Weekly Devotional

Forest Fires of Anger

Uncover the source of your anger

Written by June Hunt on 17/04/2018

Search me, O God, and know my heart! Try me and know my thoughts! And see if there be any grievous way in me, and lead me in the way everlasting.

Psalm 139:23-24

A rim fire ravaged a magnificent California National Park in 2013. This destructive fire seemed to be caused by a hunter who started an illegal fire that spread out of control. Imagine … this small fire that the hunter considered manageable burned over 250,000 acres!

Just a single flame in the wrong place and at the wrong time can quickly become a blazing inferno. Anger, hidden deep in the heart, can happen the same way. When hurt, injustice, fear or frustration smolder followed by the dry, hot winds of agitation, an angry inferno can quickly develop. If you find yourself losing your cool frequently, examine your heart to see if a deeper wound exists that gives rise to your anger. Fires of anger arise from four causes.

1. Hurt: Your heart is wounded.

Everyone has a God-given inner need for unconditional love. When you experience rejection or emotional pain of any kind, anger can become a protective wall keeping people, pain and hurt away. A biblical example of this is the sons of Jacob. Joseph was the father’s favorite – even making Joseph the famous “coat of many colors.” Feeling hurt and rejected by their father, the 10 older sons became angry and vindictive toward their younger brother. ...  “But when his brothers saw that their father loved him more than all his brothers, they hated him and could not speak peacefully to him.” (Genesis 37:4).  

2. Injustice: Your right is violated.

Everyone has a knowledge of right and wrong, fair and unfair, just and unjust. When you realize that an injustice has occurred to you or to others (especially to those you love), you may feel angry. If you hold on to the offense, unresolved anger can begin to take root in your heart. A biblical example of this is King Saul’s unjust treatment of David evoking Jonathan’s anger. Jonathan, son of Saul, overheard his own father pronounce a death sentence on his dear friend David. ...  “Jonathan answered Saul his father, ‘Why should he be put to death? What has he done?’ But Saul hurled his spear at him to strike him. So Jonathan knew that his father was determined to put David to death. And Jonathan rose from the table in fierce anger ...” (1 Samuel 20:32-34). 

3. Fear: Your future is threatened.

Everyone is created with a God-given inner need for security. When you begin to worry, feel threatened or get angry because of a change in circumstances, you may be responding to fear.
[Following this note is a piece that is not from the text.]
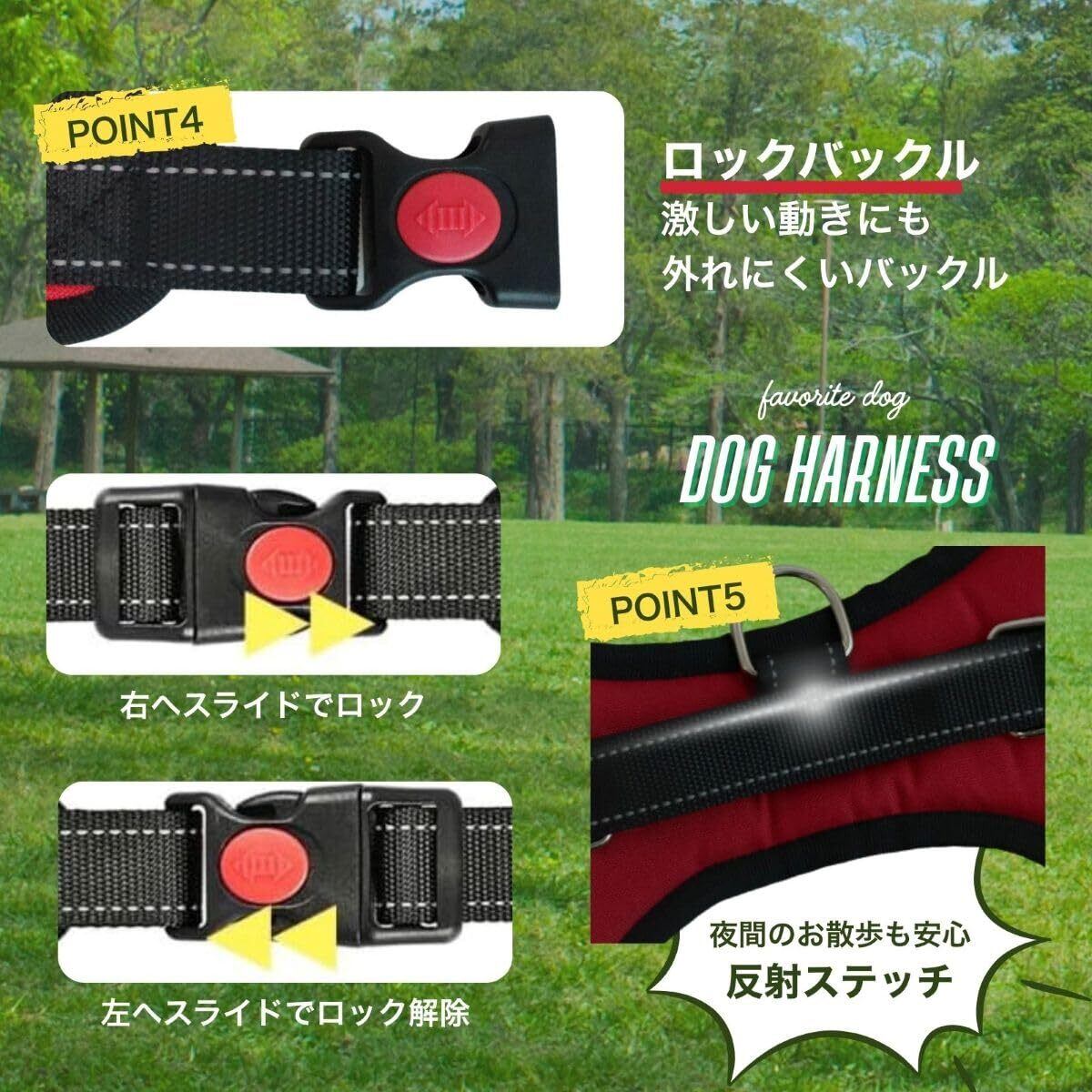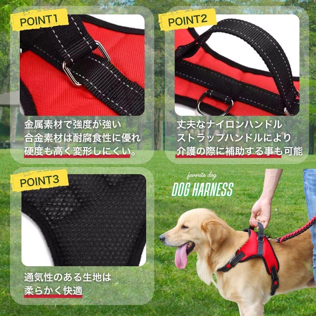 grooblue 犬用ハーネス 小型犬 中型犬 犬用胴輪 首輪 引っ張り防止 サイズ調整可能 夜間反射材 抜けない 通気性 簡単着脱 おしゃれ 安全 しつけ用 訓練 歩行補助 散歩 可愛い レッド Lサイズ

A fearful heart reveals a lack of trust in God’s perfect plan for your life. A biblical example of this is, again, King Saul. He became angry because of David’s many successes on the battlefield. (Read 1 Samuel 18:5-15, 28-29.) He was threatened by David’s popularity and feared he would lose his kingdom. ...  “Saul was very angry … ‘They have ascribed to David ten thousands, and to me they have ascribed thousands’ … Saul was afraid of David because the LORD was with him but had departed from Saul.” (1 Samuel 18:8, 12).  

4. Frustration: Your performance is not accepted.

Everyone has a God-given inner need for significance. When your efforts are thwarted or do not meet your own personal expectations, you sense of significance can be threatened. Frustration over unmet expectations for yourself or for others is a major source of anger. A biblical example of this Cain. Both Cain and Abel brought offerings to God, but Cain’s offering was unacceptable. Cain had chosen to offer what he himself wanted to give rather than what God said was right and acceptable. When Cain’s self-effort was rejected, his frustration led to anger, and his anger led to the murder of his own brother. … “In the course of time Cain brought to the LORD an offering of the fruit of the ground, and Abel also brought of the firstborn of his flock and of their fat portions. And the LORD had regard for Abel and his offering, but for Cain and his offering he had no regard. So Cain was very angry, and his face fell. … Cain spoke to Abel his brother. And when they were in the field, Cain rose up against his brother Abel and killed him” (Genesis 4:3-5, 8).

Probing into buried feelings from your past can be painful. Sometimes it might even feel easier to stay angry than to uncover the cause, turn loose of your “rights” and grow in maturity. Like a forest fire ignited by one small “controlled” hunter’s fire, a minor, unexpected disappointment or strain may flare an angry reaction that could devastate your life. Make every effort to discover the source of your anger and deal with it by releasing it to God in prayer with His grace and His help.


Pray this week:

Lord, thank You for loving me. Since You know everything, You know the strong sense of (hurt, injustice, fear, and frustration) I have felt about (name or situation). Right now, I release all of my anger to You. I trust You with my future and with me. In Jesus’ name. Amen.


Which of the four sources of anger resonates most with you and your experience of anger? How so?